Maybe on his own tombstone.

“I’m getting pressure from on high you wouldn’t believe,” Renz said.

“Am I supposed to be feeling pressure here?” Quinn asked.

“That’s the purpose of this conversation. Mayor told me to light a fire under you.”

“Isn’t that arson?”

“Unless you’re protesting something. Like lack of progress. I know there’s already a fire under you, Quinn, but that’s because I know you, and the mayor doesn’t. I’m simply delivering the message.”

Quinn said nothing while Renz finished his knish, then produced a white handkerchief from a pocket and fastidiously wiped his hands finger by finger.

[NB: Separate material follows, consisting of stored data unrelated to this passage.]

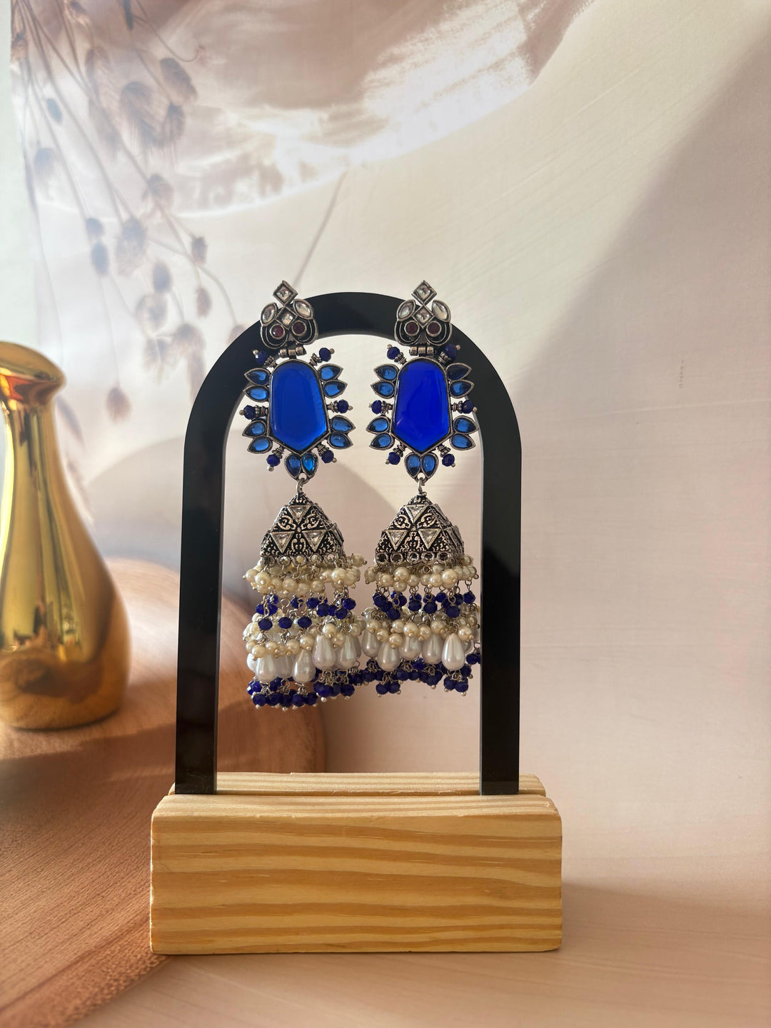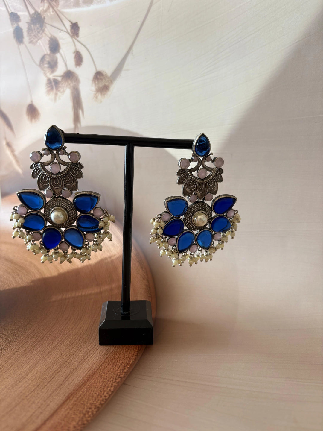 ROYAL BLUE SILVER OXIDISED STONE STUDDED EARRING SET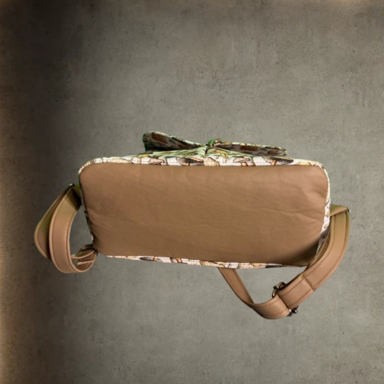 Aus Syntheticstoff weiss mit Pilzdruck und Kunstleder braun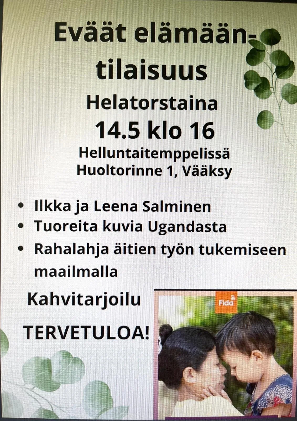 Vääksyn Helluntaiseurakunta haluaa viedä eteenpäin ilosanomaa Jeesuksesta. Tuemme lähetystyötä Sveitsissä sekä maahanmuuttajatyötä Suomessa ja Euroopassa. Lisätietoa tästä .

After stuffing the handkerchief back in his pants pocket, Renz reached into an inside pocket of his suit coat and brought out a folded
City Beat
and held it out to Quinn. “Sellers has got the exclusive on this; that’s why it wasn’t in the big papers this morning. It’s on their Web sites, though, and radio and TV news is on the story heavy. Sellers painted Wrenner as a victim, said he shot Farr for the same reason women kill their abusive husbands. Wrenner was too dependent on Farr and his job to go out and get another job, just like wifey’s too dependent to get another hubby and goes for the knife or gun instead.”

Accepting the newspaper, Quinn said, “There’s enough truth in it that in some quarters it might wash.”

“That’s what worries me, Quinn. The rest of the media’s already spouting the same nonsense. They’re making it look like murder’s okay in certain circumstances. There are too many damned people in this city who think they’re in those circumstances.”

“Copycats with guns,” Quinn said.

“Only nobody’s got nine lives.”

Quinn looked at a display of miniature digital cameras behind Renz. With all the electronic crap taking over the world, for all they knew they were being video streamed right now. Not that they had anything to hide, but neither one would want…say, the mayor, to see or hear their conversation.

Tucking the
City Beat
beneath his arm, Quinn said, “What would you have me do about all this, Harley?”

“Catch the bastard,” Renz said, as if the answer was obvious and Quinn had somehow missed it.

“Uh-huh. Gonna have another knish?”

“One’s enough. Moderation in all things. What I’m gonna have next is a cigar.”

“Tell the mayor I’m on fire,” Quinn said.

Renz smiled and motioned to his driver.

“Mission accomplished,” he said, and got into the limo.

“Catch the bastard,” Renz said again, and pulled the door shut so that all Quinn saw in the limo’s tinted window was a bent-nosed, tough-looking guy with a thatch of unruly straight hair. Quinn.